::: Supplied material

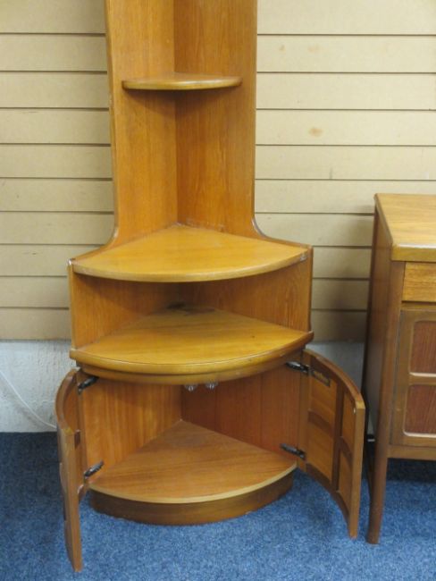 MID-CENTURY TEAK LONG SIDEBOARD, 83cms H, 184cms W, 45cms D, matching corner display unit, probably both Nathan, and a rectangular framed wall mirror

::::::
::: Supplied material

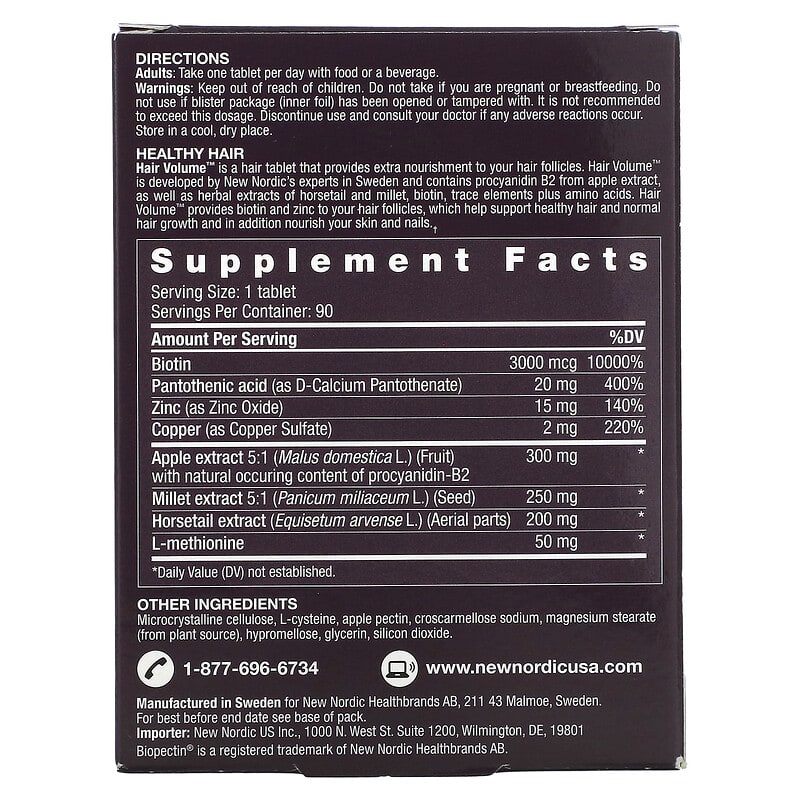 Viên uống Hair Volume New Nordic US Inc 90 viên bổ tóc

::::::
::: Supplied material

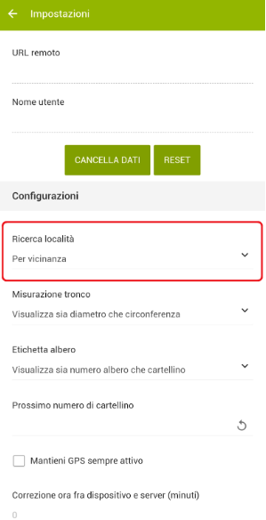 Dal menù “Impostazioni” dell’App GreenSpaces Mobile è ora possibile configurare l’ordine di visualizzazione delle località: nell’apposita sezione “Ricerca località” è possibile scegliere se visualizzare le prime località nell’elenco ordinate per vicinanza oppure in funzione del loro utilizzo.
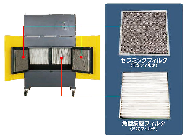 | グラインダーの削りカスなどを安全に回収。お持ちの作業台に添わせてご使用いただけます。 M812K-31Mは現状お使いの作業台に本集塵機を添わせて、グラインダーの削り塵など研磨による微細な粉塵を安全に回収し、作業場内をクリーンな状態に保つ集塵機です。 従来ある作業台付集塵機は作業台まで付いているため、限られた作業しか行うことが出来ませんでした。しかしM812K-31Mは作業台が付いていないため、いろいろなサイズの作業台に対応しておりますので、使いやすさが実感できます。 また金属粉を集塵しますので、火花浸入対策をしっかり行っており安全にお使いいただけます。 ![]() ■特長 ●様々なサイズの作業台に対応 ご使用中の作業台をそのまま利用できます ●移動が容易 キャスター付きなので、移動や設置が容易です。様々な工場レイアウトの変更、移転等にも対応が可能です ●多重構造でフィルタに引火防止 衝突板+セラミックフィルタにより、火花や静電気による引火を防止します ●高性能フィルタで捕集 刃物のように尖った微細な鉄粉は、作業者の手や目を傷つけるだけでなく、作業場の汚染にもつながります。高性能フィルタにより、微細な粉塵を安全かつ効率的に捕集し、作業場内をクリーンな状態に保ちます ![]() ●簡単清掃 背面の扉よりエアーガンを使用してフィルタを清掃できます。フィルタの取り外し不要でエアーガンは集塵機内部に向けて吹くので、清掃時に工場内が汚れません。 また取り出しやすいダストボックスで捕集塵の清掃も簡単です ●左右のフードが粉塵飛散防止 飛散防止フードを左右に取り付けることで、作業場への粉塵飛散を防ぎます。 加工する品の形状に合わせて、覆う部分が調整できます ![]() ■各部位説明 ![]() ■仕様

::::::

= Work instruction =
Starting at the line above that contains "del loro utilizzo.", transcribe every line exactly through the line that contains "加工する品の形状に合わせて、覆う部分が調整できます ![]() ■各部位説明 ![]() ■仕様", including that last one, and skip the pictures.

= Solution =
 Dal menù “Impostazioni” dell’App GreenSpaces Mobile è ora possibile configurare l’ordine di visualizzazione delle località: nell’apposita sezione “Ricerca località” è possibile scegliere se visualizzare le prime località nell’elenco ordinate per vicinanza oppure in funzione del loro utilizzo.
 | グラインダーの削りカスなどを安全に回収。お持ちの作業台に添わせてご使用いただけます。 M812K-31Mは現状お使いの作業台に本集塵機を添わせて、グラインダーの削り塵など研磨による微細な粉塵を安全に回収し、作業場内をクリーンな状態に保つ集塵機です。 従来ある作業台付集塵機は作業台まで付いているため、限られた作業しか行うことが出来ませんでした。しかしM812K-31Mは作業台が付いていないため、いろいろなサイズの作業台に対応しておりますので、使いやすさが実感できます。 また金属粉を集塵しますので、火花浸入対策をしっかり行っており安全にお使いいただけます。 ![]() ■特長 ●様々なサイズの作業台に対応 ご使用中の作業台をそのまま利用できます ●移動が容易 キャスター付きなので、移動や設置が容易です。様々な工場レイアウトの変更、移転等にも対応が可能です ●多重構造でフィルタに引火防止 衝突板+セラミックフィルタにより、火花や静電気による引火を防止します ●高性能フィルタで捕集 刃物のように尖った微細な鉄粉は、作業者の手や目を傷つけるだけでなく、作業場の汚染にもつながります。高性能フィルタにより、微細な粉塵を安全かつ効率的に捕集し、作業場内をクリーンな状態に保ちます ![]() ●簡単清掃 背面の扉よりエアーガンを使用してフィルタを清掃できます。フィルタの取り外し不要でエアーガンは集塵機内部に向けて吹くので、清掃時に工場内が汚れません。 また取り出しやすいダストボックスで捕集塵の清掃も簡単です ●左右のフードが粉塵飛散防止 飛散防止フードを左右に取り付けることで、作業場への粉塵飛散を防ぎます。 加工する品の形状に合わせて、覆う部分が調整できます ![]() ■各部位説明 ![]() ■仕様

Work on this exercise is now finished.